# [Data]
- - -
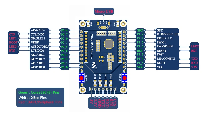 Адаптер XBee USB-это плата коммуникационная плата интерфейса UART, которая поддерживает подключение XBee, имеет интерфейс UART, интерфейс USB и встроенные кнопки/светодиоды, обеспечивает простой способ разработки/отладки.
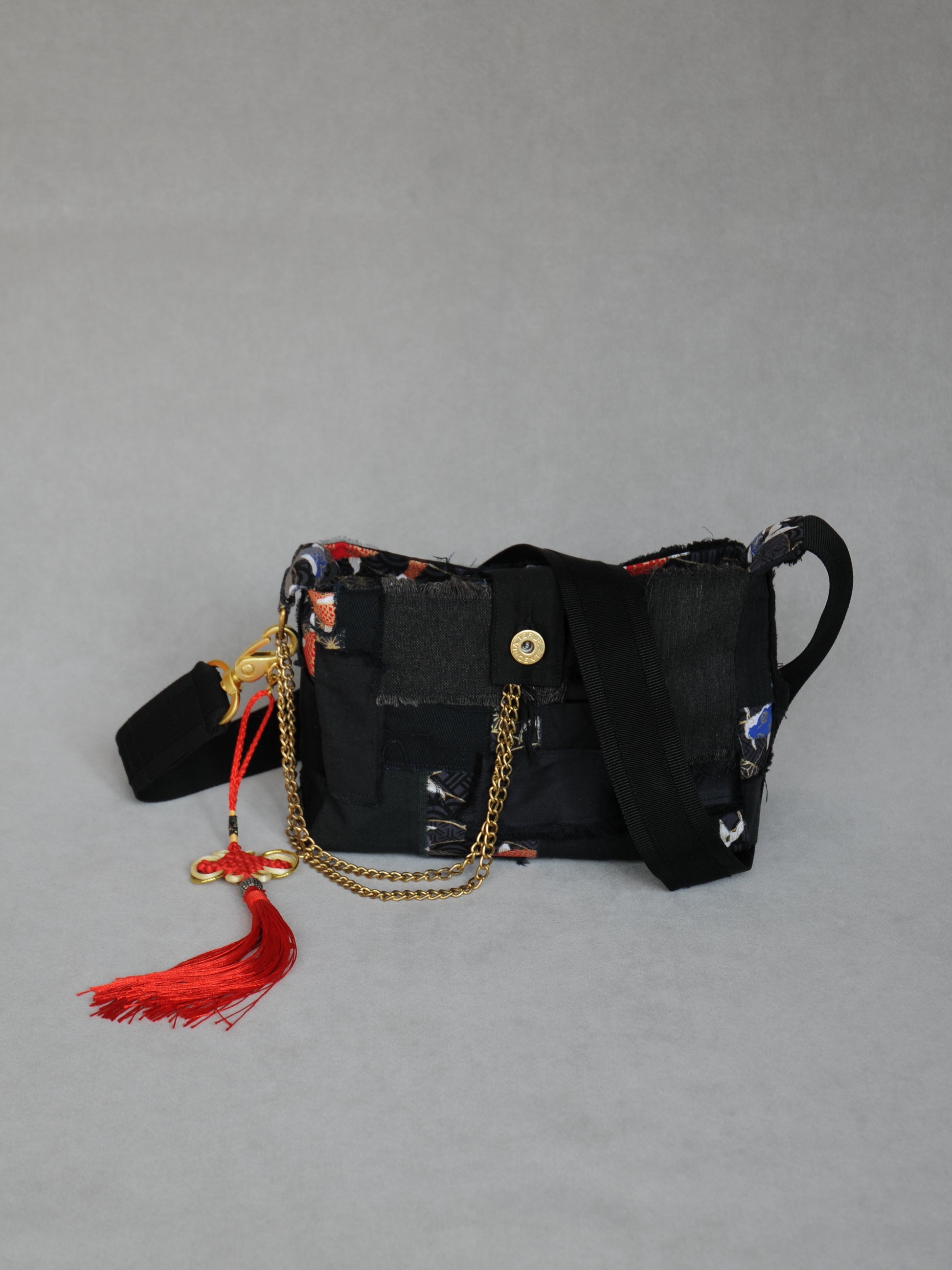One of a kind puzzle bag made of different cotton, wool, linen and silk fabrics.
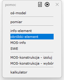 - nowa – pozwala dodać nową, dowolną obróbkę do elementu, z listy dostępnych makr obróbczych
- - -
# [Task instructions]
Line by line, write out the material above exactly, with no images.

# [The answer]
 Адаптер XBee USB-это плата коммуникационная плата интерфейса UART, которая поддерживает подключение XBee, имеет интерфейс UART, интерфейс USB и встроенные кнопки/светодиоды, обеспечивает простой способ разработки/отладки.
One of a kind puzzle bag made of different cotton, wool, linen and silk fabrics.
 - nowa – pozwala dodać nową, dowolną obróbkę do elementu, z listy dostępnych makr obróbczych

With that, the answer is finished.